▸ **PROBLEM STATEMENT**: Starting at the line below that contains "Paksa tauhan tagpuan" and ending at the line that contains "Tap into your", retype each line exactly as it stands, but omit the pictures.

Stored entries
○ ○ ○ ○ ○ ○ ○
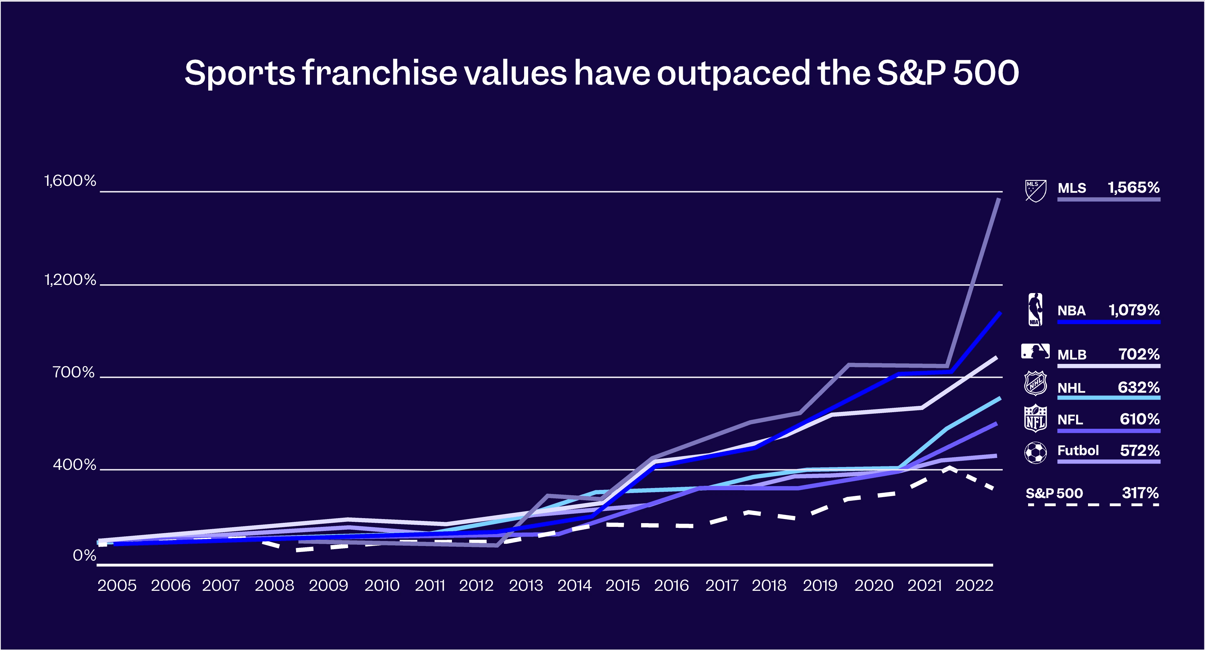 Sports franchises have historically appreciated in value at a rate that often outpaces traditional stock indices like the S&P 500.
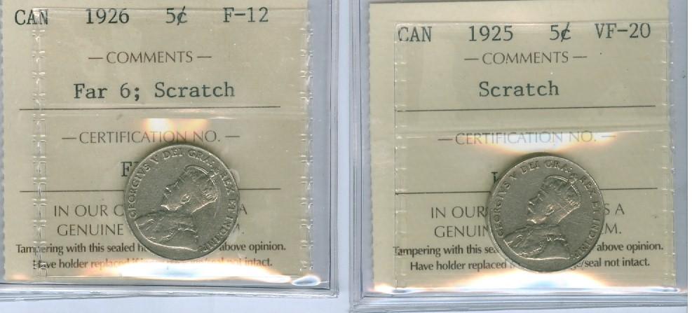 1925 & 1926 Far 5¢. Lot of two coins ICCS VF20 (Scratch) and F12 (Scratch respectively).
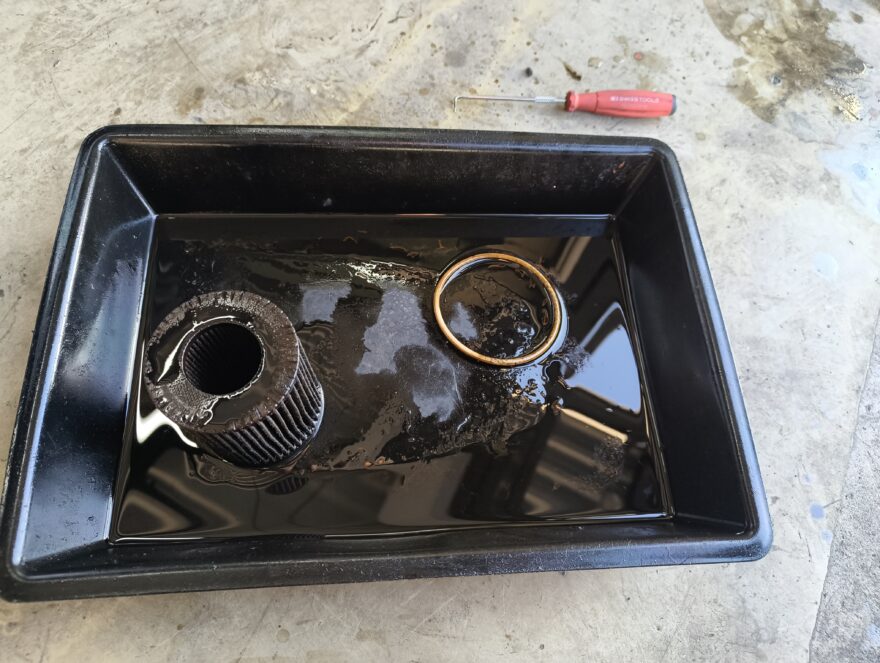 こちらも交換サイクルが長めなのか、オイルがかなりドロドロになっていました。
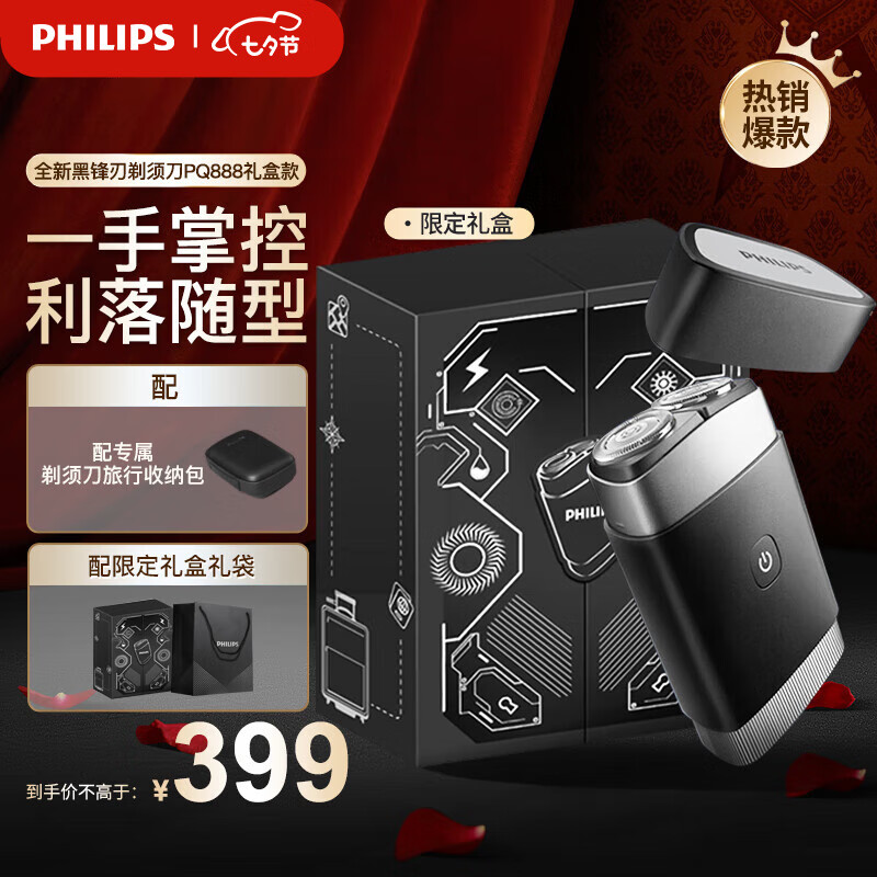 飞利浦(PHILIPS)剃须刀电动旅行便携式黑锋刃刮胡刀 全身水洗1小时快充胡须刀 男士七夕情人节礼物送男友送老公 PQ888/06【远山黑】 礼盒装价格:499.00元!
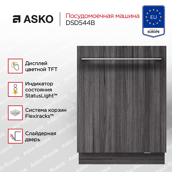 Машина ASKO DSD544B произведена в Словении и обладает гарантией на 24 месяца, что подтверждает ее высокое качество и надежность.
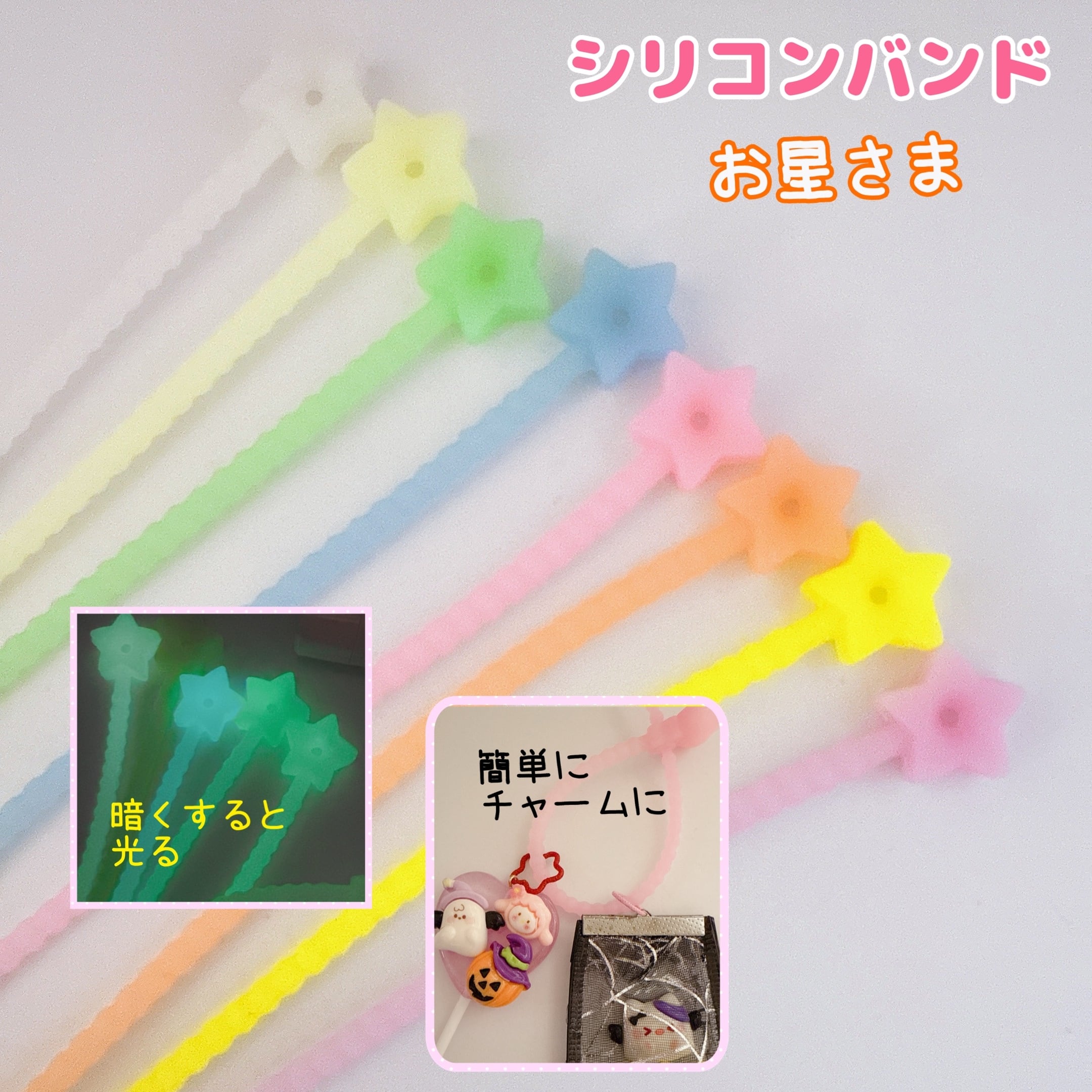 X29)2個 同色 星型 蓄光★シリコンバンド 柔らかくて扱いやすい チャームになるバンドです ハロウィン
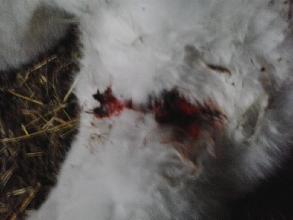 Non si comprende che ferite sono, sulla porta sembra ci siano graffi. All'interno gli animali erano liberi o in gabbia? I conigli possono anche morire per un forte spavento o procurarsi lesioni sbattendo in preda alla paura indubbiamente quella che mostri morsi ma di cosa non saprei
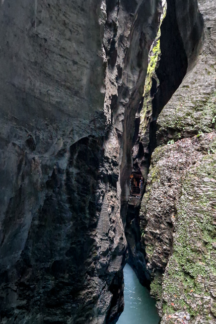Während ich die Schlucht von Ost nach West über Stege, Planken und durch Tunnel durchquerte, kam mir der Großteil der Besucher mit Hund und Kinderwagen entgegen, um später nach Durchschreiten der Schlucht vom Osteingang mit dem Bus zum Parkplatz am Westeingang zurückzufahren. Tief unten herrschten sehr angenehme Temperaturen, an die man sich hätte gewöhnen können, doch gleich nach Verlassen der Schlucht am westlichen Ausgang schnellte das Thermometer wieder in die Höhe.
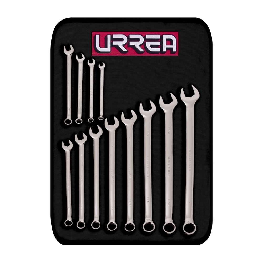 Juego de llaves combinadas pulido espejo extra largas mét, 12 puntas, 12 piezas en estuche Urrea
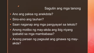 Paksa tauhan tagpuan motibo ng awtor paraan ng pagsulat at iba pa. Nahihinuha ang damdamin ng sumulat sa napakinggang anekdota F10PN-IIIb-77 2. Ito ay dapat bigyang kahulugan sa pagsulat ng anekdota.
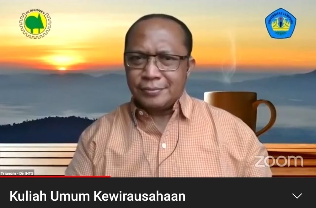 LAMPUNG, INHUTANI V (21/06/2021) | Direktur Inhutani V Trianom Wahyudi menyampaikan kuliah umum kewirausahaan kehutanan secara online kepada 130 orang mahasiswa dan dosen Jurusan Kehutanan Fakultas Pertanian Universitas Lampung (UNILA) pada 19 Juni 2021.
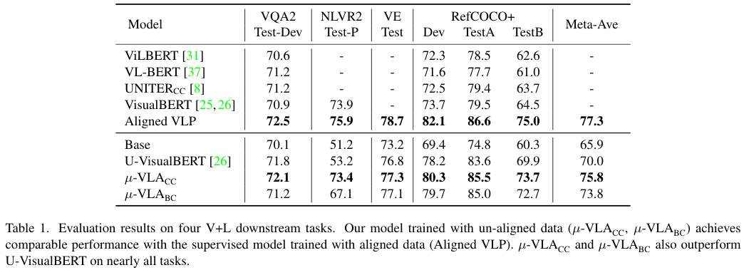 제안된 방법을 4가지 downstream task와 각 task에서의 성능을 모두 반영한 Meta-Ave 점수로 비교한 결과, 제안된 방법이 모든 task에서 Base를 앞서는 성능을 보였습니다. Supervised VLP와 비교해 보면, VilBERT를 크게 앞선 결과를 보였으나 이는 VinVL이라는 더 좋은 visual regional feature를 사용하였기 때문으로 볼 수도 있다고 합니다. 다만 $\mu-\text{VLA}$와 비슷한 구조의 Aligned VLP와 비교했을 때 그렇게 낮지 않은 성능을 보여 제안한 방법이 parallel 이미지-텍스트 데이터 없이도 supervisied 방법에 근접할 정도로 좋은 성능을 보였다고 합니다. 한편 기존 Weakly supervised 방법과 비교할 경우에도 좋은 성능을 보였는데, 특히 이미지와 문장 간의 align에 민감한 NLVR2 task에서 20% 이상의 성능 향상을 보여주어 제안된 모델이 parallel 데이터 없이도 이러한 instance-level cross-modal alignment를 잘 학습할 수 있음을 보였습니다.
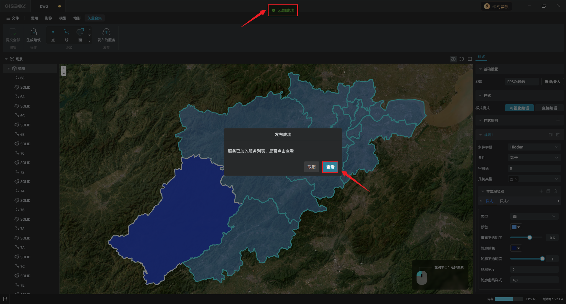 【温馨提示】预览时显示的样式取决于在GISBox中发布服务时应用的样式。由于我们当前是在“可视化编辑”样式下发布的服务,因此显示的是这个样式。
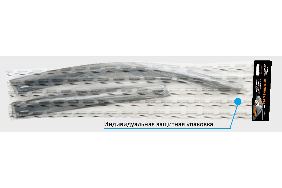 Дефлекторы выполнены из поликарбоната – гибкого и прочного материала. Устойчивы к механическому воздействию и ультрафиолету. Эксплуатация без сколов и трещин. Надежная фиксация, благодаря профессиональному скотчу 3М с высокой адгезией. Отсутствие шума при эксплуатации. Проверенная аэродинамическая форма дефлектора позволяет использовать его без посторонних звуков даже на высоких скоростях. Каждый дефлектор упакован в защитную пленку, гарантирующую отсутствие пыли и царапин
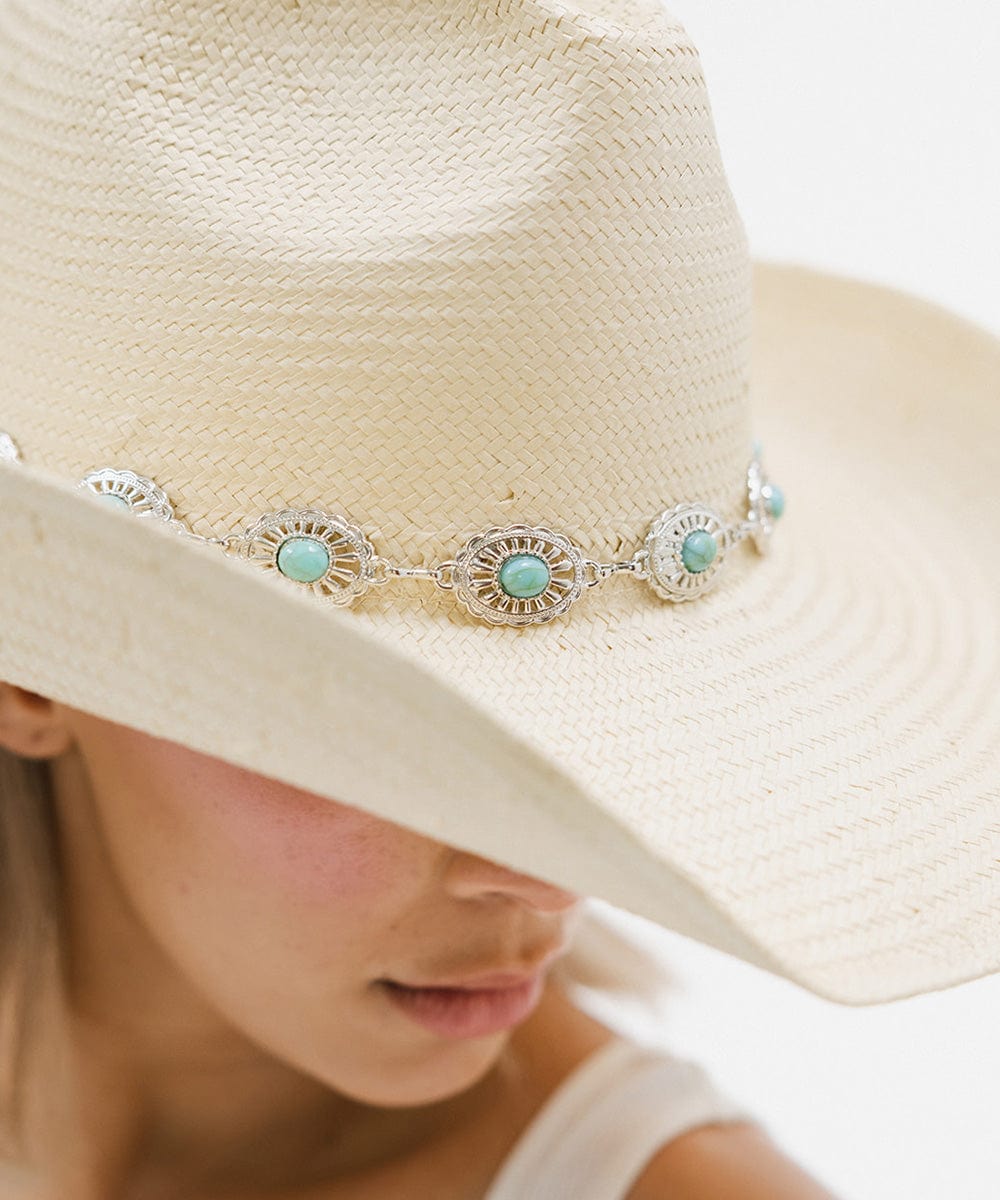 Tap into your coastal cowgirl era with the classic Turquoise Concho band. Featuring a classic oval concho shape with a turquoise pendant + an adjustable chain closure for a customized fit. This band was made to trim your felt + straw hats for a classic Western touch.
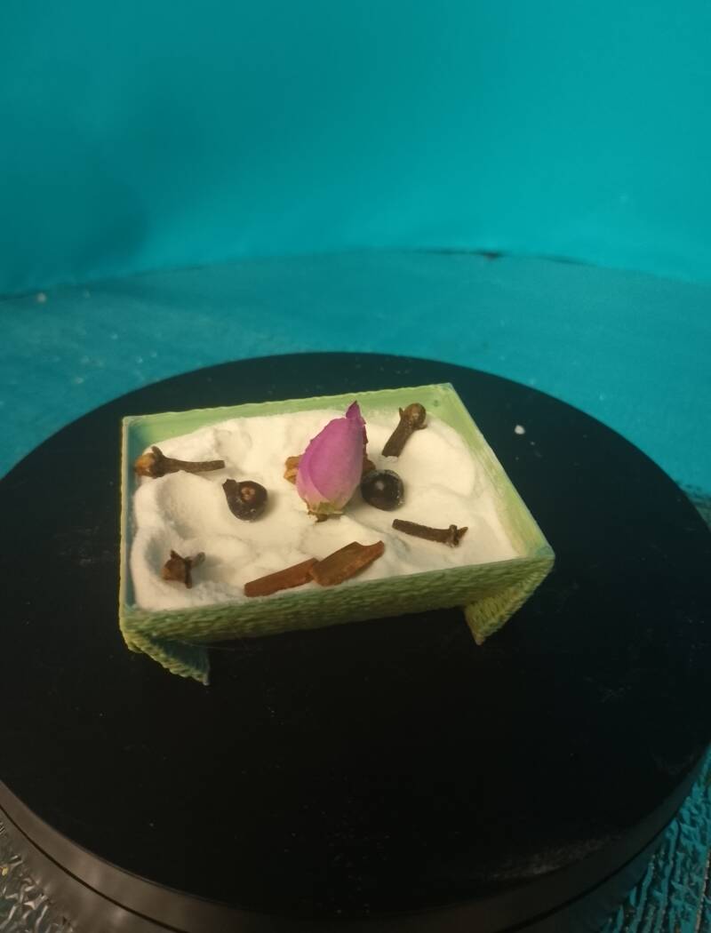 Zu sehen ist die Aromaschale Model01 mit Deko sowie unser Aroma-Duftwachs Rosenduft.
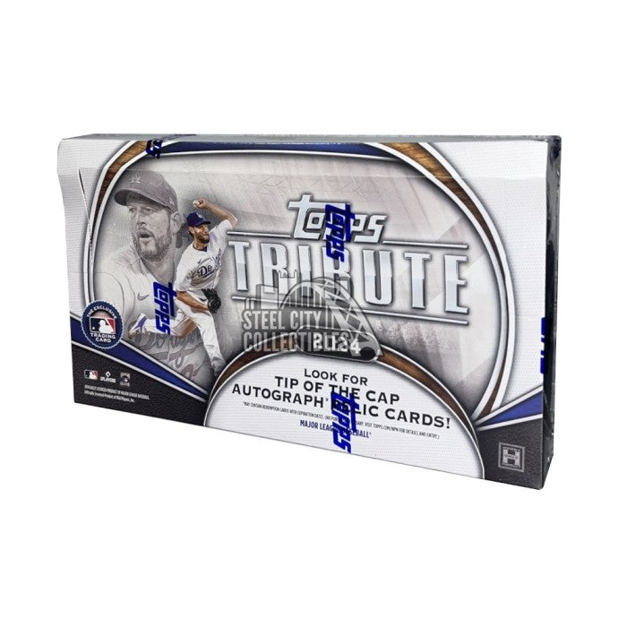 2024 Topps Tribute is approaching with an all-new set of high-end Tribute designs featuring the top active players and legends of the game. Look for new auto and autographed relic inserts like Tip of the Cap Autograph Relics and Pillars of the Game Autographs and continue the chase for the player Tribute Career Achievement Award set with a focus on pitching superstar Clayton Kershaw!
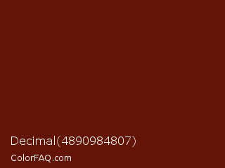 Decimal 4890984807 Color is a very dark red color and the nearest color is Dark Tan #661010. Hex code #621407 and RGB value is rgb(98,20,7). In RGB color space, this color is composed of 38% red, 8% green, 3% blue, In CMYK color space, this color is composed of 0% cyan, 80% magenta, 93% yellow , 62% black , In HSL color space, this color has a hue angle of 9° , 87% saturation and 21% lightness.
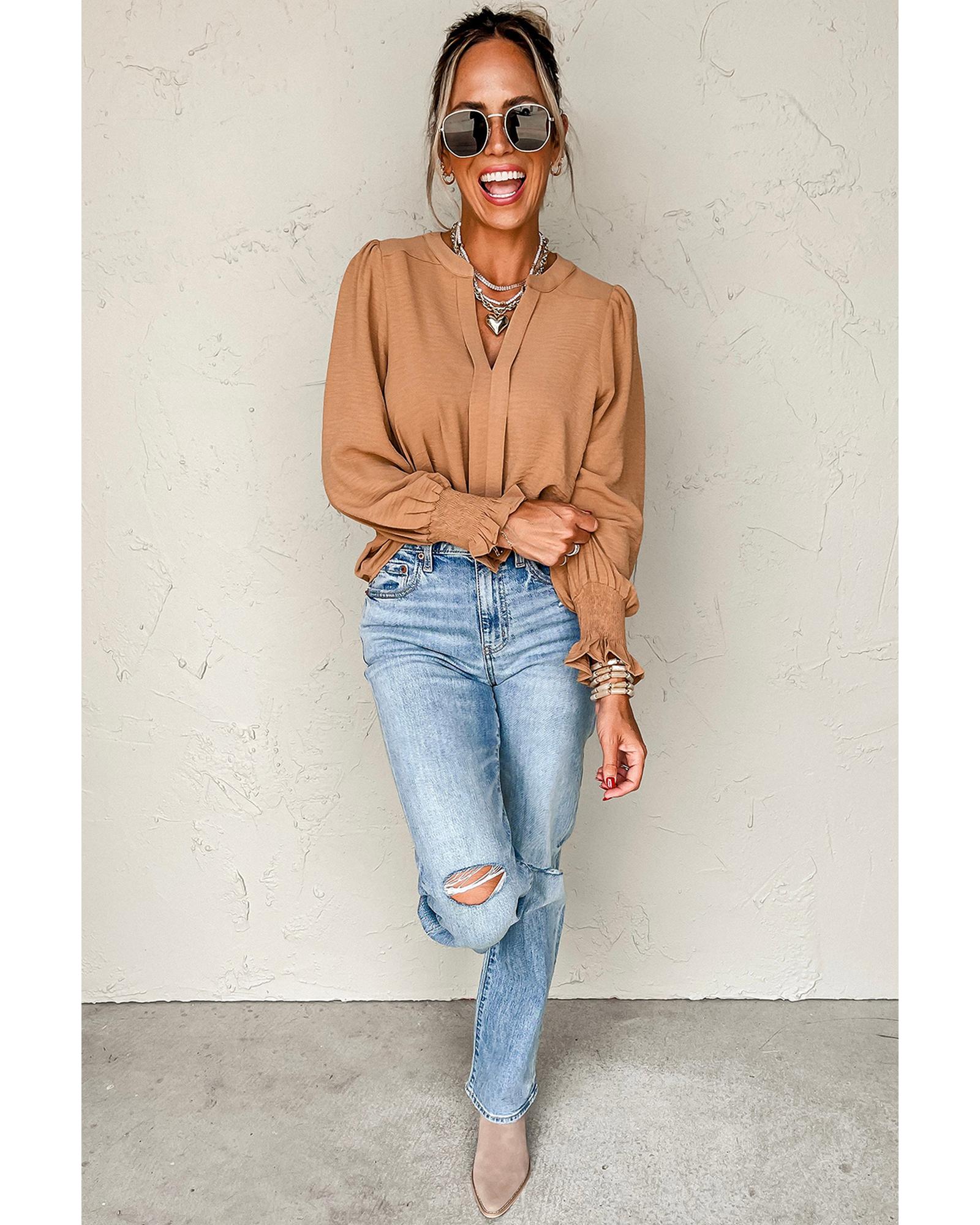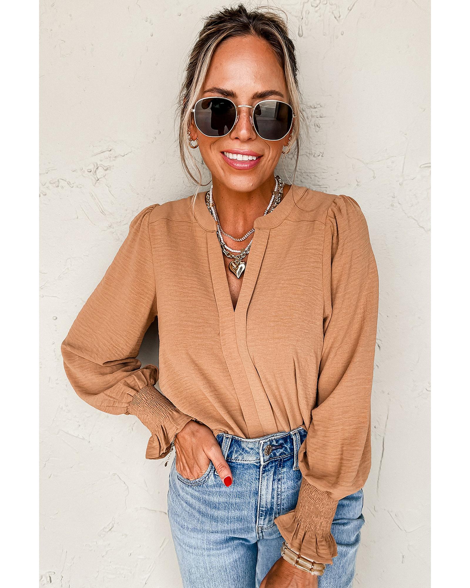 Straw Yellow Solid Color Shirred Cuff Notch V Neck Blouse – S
○ ○ ○ ○ ○ ○ ○
▸ **ANSWER TO THE PROBLEM**:
 Paksa tauhan tagpuan motibo ng awtor paraan ng pagsulat at iba pa. Nahihinuha ang damdamin ng sumulat sa napakinggang anekdota F10PN-IIIb-77 2. Ito ay dapat bigyang kahulugan sa pagsulat ng anekdota.
 LAMPUNG, INHUTANI V (21/06/2021) | Direktur Inhutani V Trianom Wahyudi menyampaikan kuliah umum kewirausahaan kehutanan secara online kepada 130 orang mahasiswa dan dosen Jurusan Kehutanan Fakultas Pertanian Universitas Lampung (UNILA) pada 19 Juni 2021.
 제안된 방법을 4가지 downstream task와 각 task에서의 성능을 모두 반영한 Meta-Ave 점수로 비교한 결과, 제안된 방법이 모든 task에서 Base를 앞서는 성능을 보였습니다. Supervised VLP와 비교해 보면, VilBERT를 크게 앞선 결과를 보였으나 이는 VinVL이라는 더 좋은 visual regional feature를 사용하였기 때문으로 볼 수도 있다고 합니다. 다만 $\mu-\text{VLA}$와 비슷한 구조의 Aligned VLP와 비교했을 때 그렇게 낮지 않은 성능을 보여 제안한 방법이 parallel 이미지-텍스트 데이터 없이도 supervisied 방법에 근접할 정도로 좋은 성능을 보였다고 합니다. 한편 기존 Weakly supervised 방법과 비교할 경우에도 좋은 성능을 보였는데, 특히 이미지와 문장 간의 align에 민감한 NLVR2 task에서 20% 이상의 성능 향상을 보여주어 제안된 모델이 parallel 데이터 없이도 이러한 instance-level cross-modal alignment를 잘 학습할 수 있음을 보였습니다.
 【温馨提示】预览时显示的样式取决于在GISBox中发布服务时应用的样式。由于我们当前是在“可视化编辑”样式下发布的服务,因此显示的是这个样式。
 Дефлекторы выполнены из поликарбоната – гибкого и прочного материала. Устойчивы к механическому воздействию и ультрафиолету. Эксплуатация без сколов и трещин. Надежная фиксация, благодаря профессиональному скотчу 3М с высокой адгезией. Отсутствие шума при эксплуатации. Проверенная аэродинамическая форма дефлектора позволяет использовать его без посторонних звуков даже на высоких скоростях. Каждый дефлектор упакован в защитную пленку, гарантирующую отсутствие пыли и царапин
 Tap into your coastal cowgirl era with the classic Turquoise Concho band. Featuring a classic oval concho shape with a turquoise pendant + an adjustable chain closure for a customized fit. This band was made to trim your felt + straw hats for a classic Western touch.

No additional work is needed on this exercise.